TS-003670 — The IP is an innovative approach in cellular therapy safety assurance. It addresses concerns regarding residual feeder cells in therapeutic immune cell products, which may pose risks such as unregulated immune activation and proliferation. Leveraging the unique attributes of the K562 cell line, commonly used as a base for feeder cells, the assay utilizes quantitative PCR (qPCR) targeting specific markers like BCR-ABL or transgenes for sensitive and rapid detection of residual feeder cell contamination. This method offers higher sensitivity and faster results compared to existing assays and leverages clinically-validated qPCR techniques for enhanced safety screening. Development has reached the proof of principle/prototype stage and is poised to address critical safety concerns in cellular therapy manufacturing. The assay’s potential applications span across the cellular therapy landscape.

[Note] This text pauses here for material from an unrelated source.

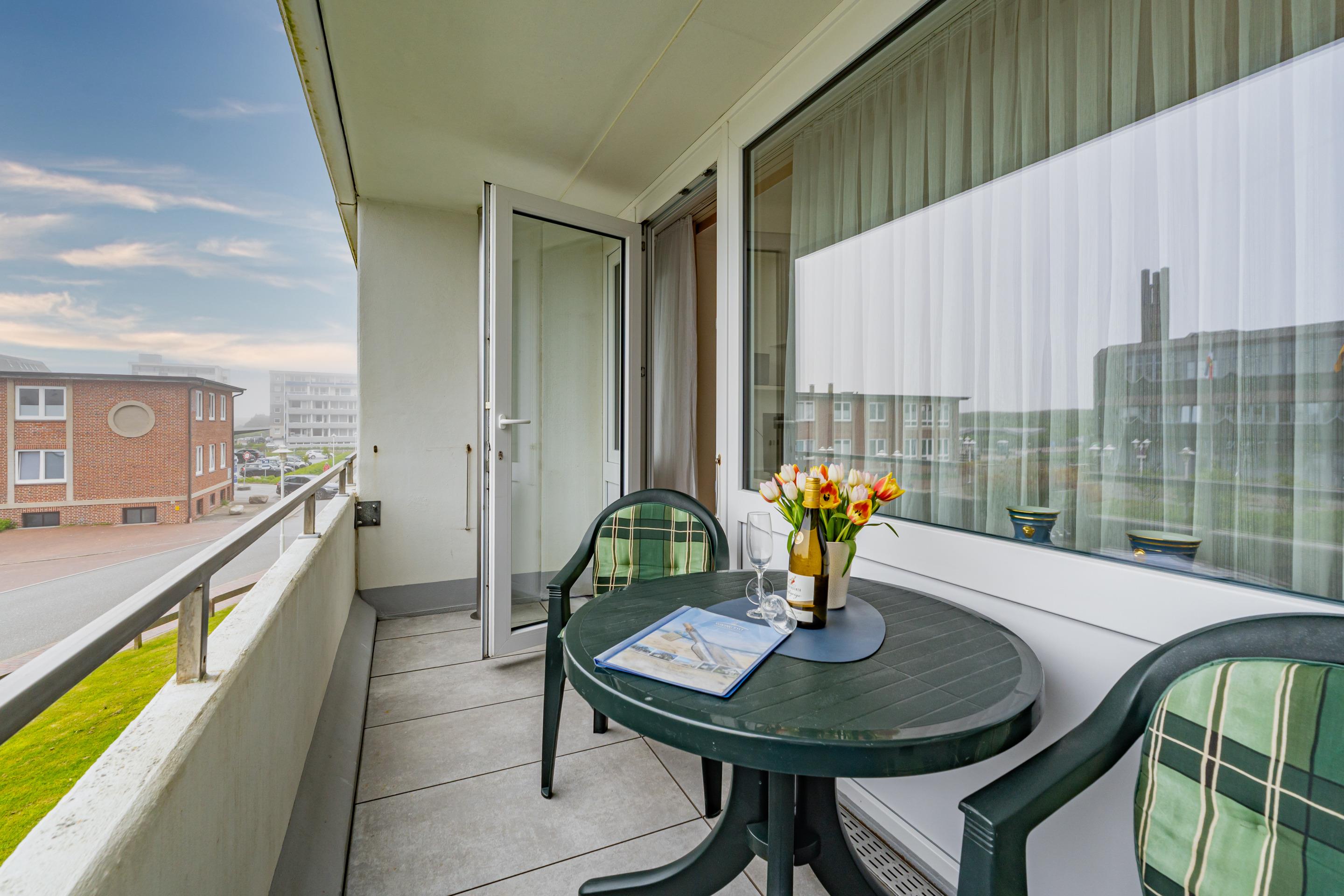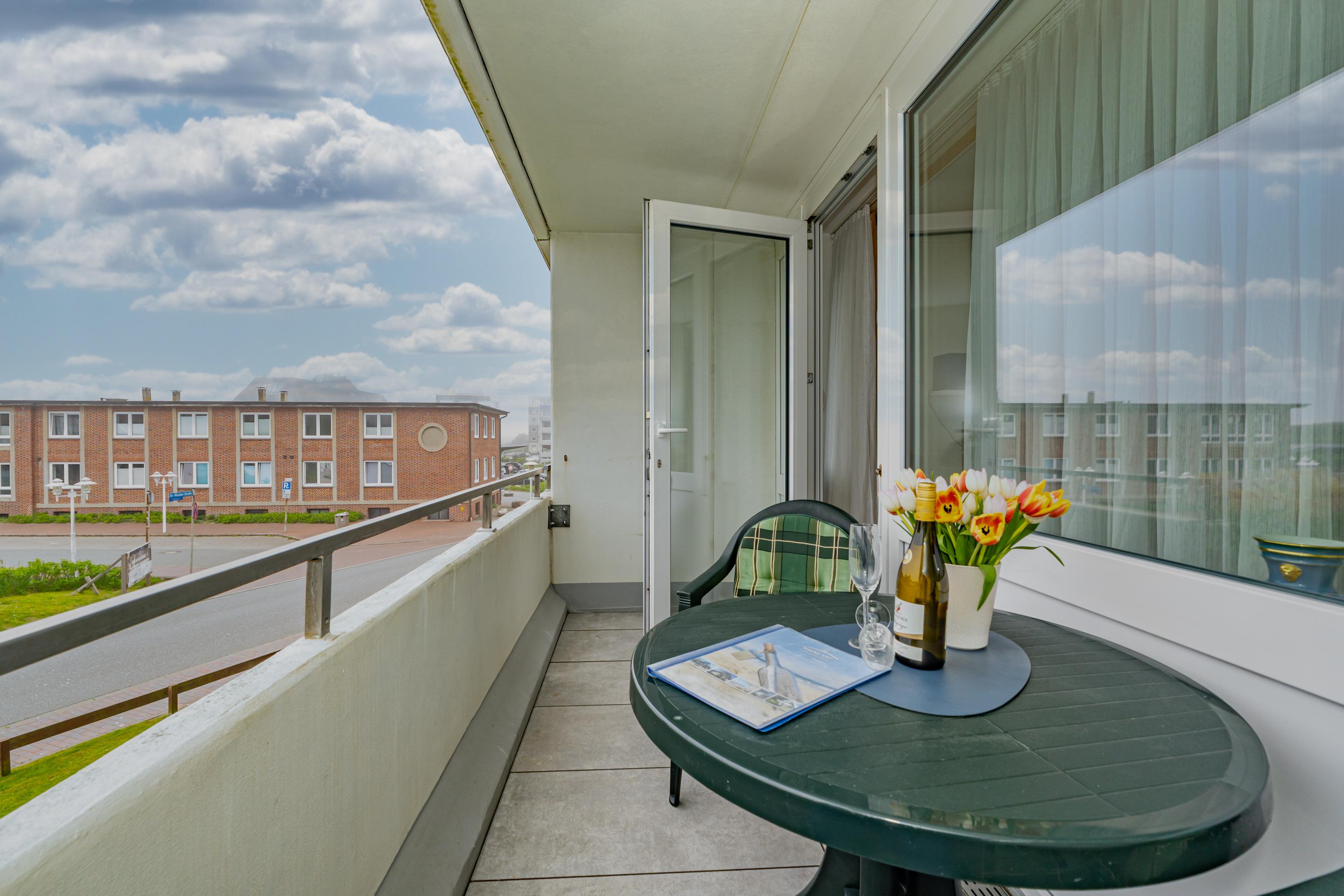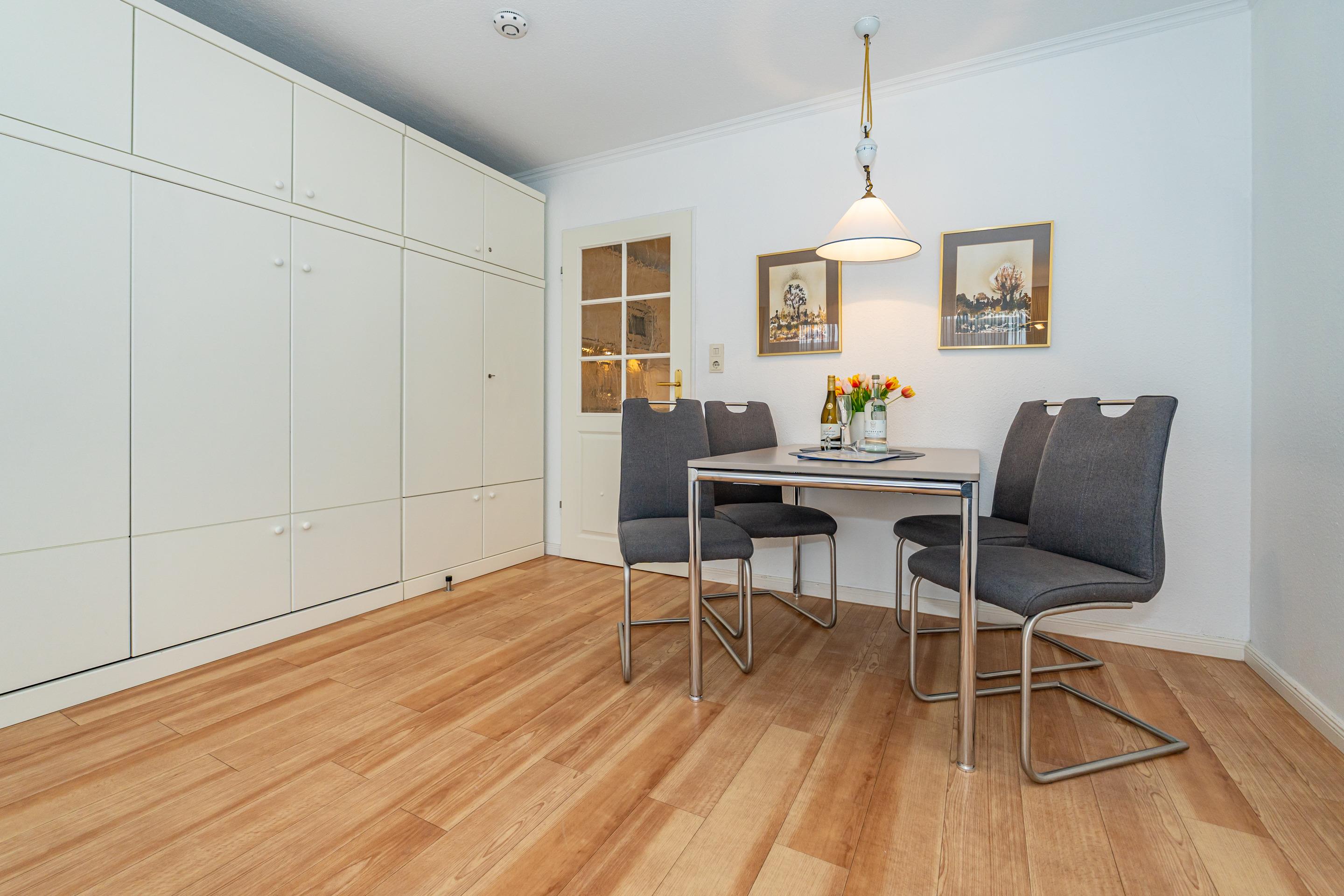 1-Zimmer-Nichtraucher-Ferienwohnung (ca. 32 qm) in der 1. Etage zur Seeseite mit Westloggia (Nachmittagssonne, mit Balkonmöbeln und Auflagen) für max. 2 Personen.

TS-003662 — Heterozygous mutations cause several genetic disorders. To correct the mutant allele, an HDR (homology directed repair) template is required since HDR initiation does not occur naturally. The IP, a new method to correct heterozygous mutations, does not require an HDR template. By using CRISPR and our specific gRNA design, we can singularly target the mutant allele to initiate HDR repair in heterozygous mutant genes. The IP has demonstrated efficacy in vitro having corrected several mutations, and it has the potential to correct any heterozygous mutation, including CD34+/ bone marrow related disorders and mutant VCP (valosin-containing protein) genes. In the latest stage of development, continued testing is the priority, and parties interested in gene-editing therapies stand to benefit from the IP’s progression.